In the contemporary United States, nearly all healthcare events generate data in electronic medical records. This is especially true for people living with HIV, whose routine bloodwork data are transmitted to state and local departments of public health and then re-used in epidemiology and prevention. Reuses of clinical HIV data by public health agencies are done without consent from people living with HIV. The increased utilization of clinical HIV data in public health prevention is designed to support "treatment as prevention" strategies, following confirmation that antiretroviral therapies for HIV are an effective way to prevent sexual transmission. In this talk, I describe the ethics and implementation of programs designed to support HIV treatment as prevention. I draw on over two years of fieldwork in the HIV/AIDS and LGBTQ health safety nets in metropolitan Atlanta and an archive of health policy grey literature. I describe programs that identify, investigate, and contact people living with HIV who are "out of care" or who are part of "clusters" of other people with strains of HIV that are closely related at the viral genetic level. These programs aim to bring people living with HIV who are not in care into treatment, thus advancing treatment as prevention goals.

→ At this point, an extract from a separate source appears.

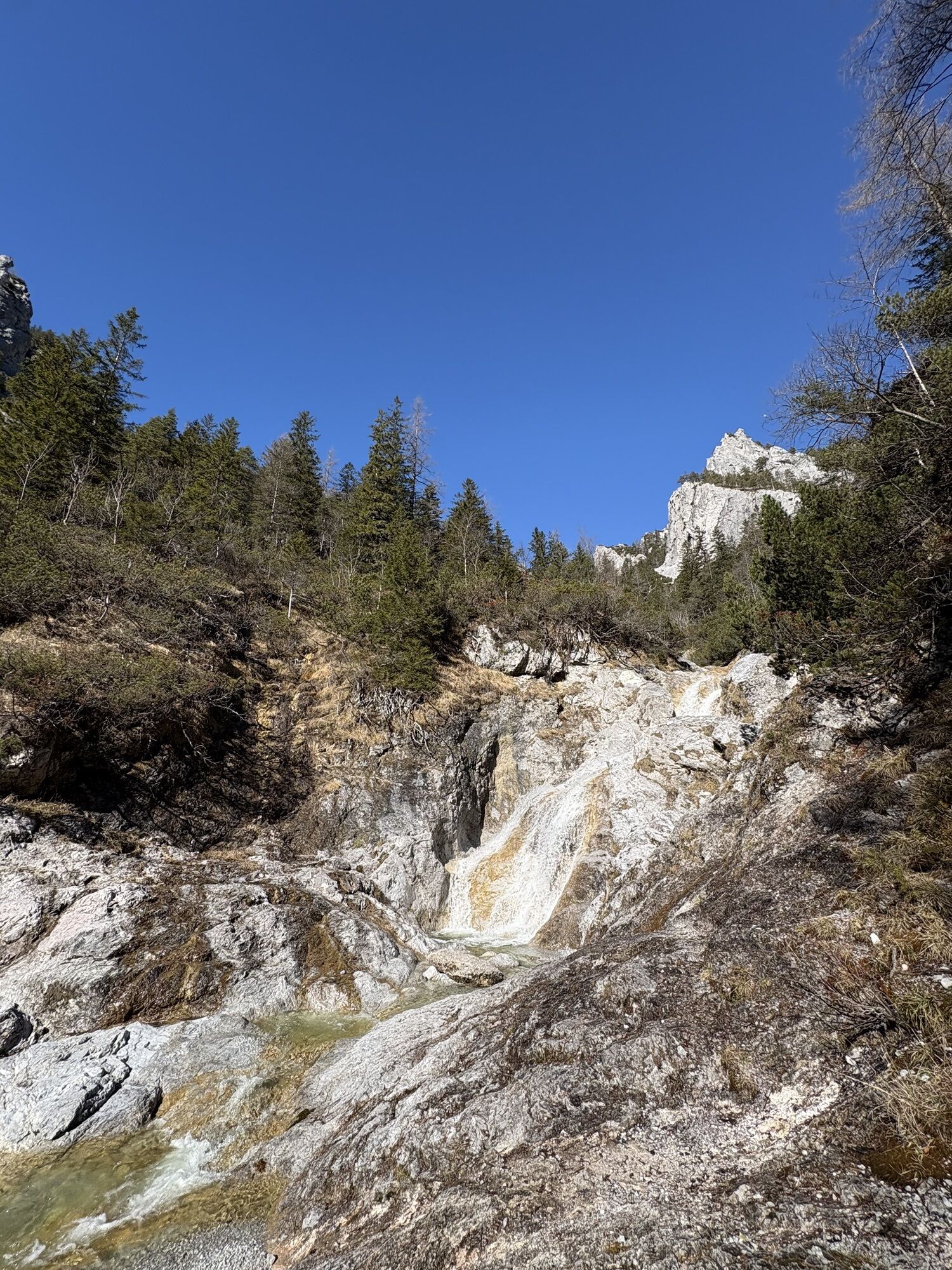 Nach dem Abstieg durch den Karlgraben laden im Sommer sehr schöne Felsgumpen am oberen Ende der Karlschütt zu einem kühl-erfrischenden Bad.

While these aims are laudable, I argue that programs which re-use clinical HIV data for direct prevention are presently out of alignment with the public health mandate to balance individual rights and respect for persons against the public good. They should be reformed to incorporate mechanisms for consent and refusal. Such changes would help give people living with HIV greater agency over how their health data are re-used, and thus over their own wellbeing.

Stephen Molldrem is a President's Postdoctoral Fellow in the University of California, Irvine Department of Anthropology. His research focuses on the politics of sexuality, HIV/AIDS, digital health, and bioethics. He received his PhD in American Culture with a Certificate in Science, Technology, and Society from the University of Michigan in 2019.